Rejoignez les pour empêcher le démantèlement du Lycée professionnel et de l’enseignement général, car M. Blanquer C’est :

- 50 000 postes en moins d’ici 2022 alors que les enseignants crient leur désarroi depuis tant de décennies, dénonçant notamment un manque de moyens patent mettant en péril leur sécurité ainsi que celle des élèves.
- Un enseignement au rabais : 2 600 suppressions de postes annoncées dans le secondaire pour la rentrée prochaine, signifiant des classes surchargées et moins d’heures d’enseignement.
- Une orientation précoce : Sommation de choisir 3 spécialités décidant de l’orientation post-bac des élèves de seconde dès le premier trimestre. Qu’adviendra-t-il des élèves qui voudront changer de spécialité ?
- Un parcours au lycée anxiogène : Outre la pression créée par une orientation précoce et à l’aveugle, les élèves seront soumis à une évaluation permanente dont il va sans dire qu’elle sera pour eux source de de stress.
- Plus de choix en théorie, moins d’égalité dans la pratique : Toutes les spécialités ne seront pas dispensées dans tous les établissements. Faudra-t-il qu’ils s’équipent de bons souliers ?

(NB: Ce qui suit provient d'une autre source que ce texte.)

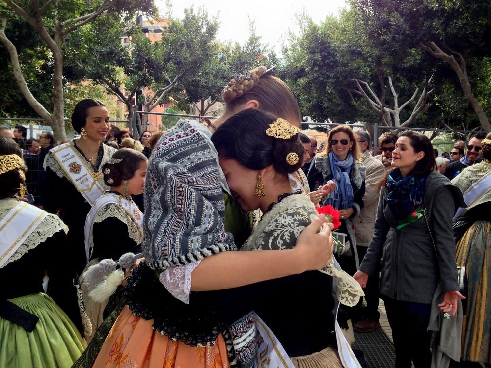 Fueron momentos bonitos, emotivos. Damas abrazadas a otras damas, dejando un reguero de lágrimas… Sara Usó se fundía en un abrazo con el presidente de la Junta de Fiests, Juanvi Bellido; Carolina Tárrega tomando las manos de sus damas e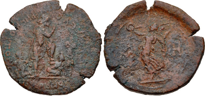 - ΤΙΒΕΡΙΟC ΙΟΥΛΙΟC ΒΑCΙΛΕΥC ΡΗCΚΟΥΠΟΡΙC. Царь, попирающий пленника, вправо. Слева - второй пленник, справа - трофей

À l'heure où l'on fête les 30 ans du lycée professionnel, qui a ouvert des perspectives professionnalisantes et attractives pour nombre d'élèves, ce dernier n'est pas sans subir également l'assaut du ministre de l'éducation nationale. La réforme de la voie professionnelle, qui impliquerait, entre autres, la réduction du choix des filières en proposant des "familles de métiers" et le mélange dans une même classe d'apprentis salariés et d'élèves en formation initiale, conduirait à une nette détérioration des conditions de travail des élèves, ainsi qu'à la suppression de 2 500 postes d'enseignants titulaires. 


Rejoignez ce mouvement de contestation pour sauver l’éducation nationale de ce naufrage annoncé, et par voie de fait, sauver les jeunes étudiants qui sont à bord de ce navire en péril.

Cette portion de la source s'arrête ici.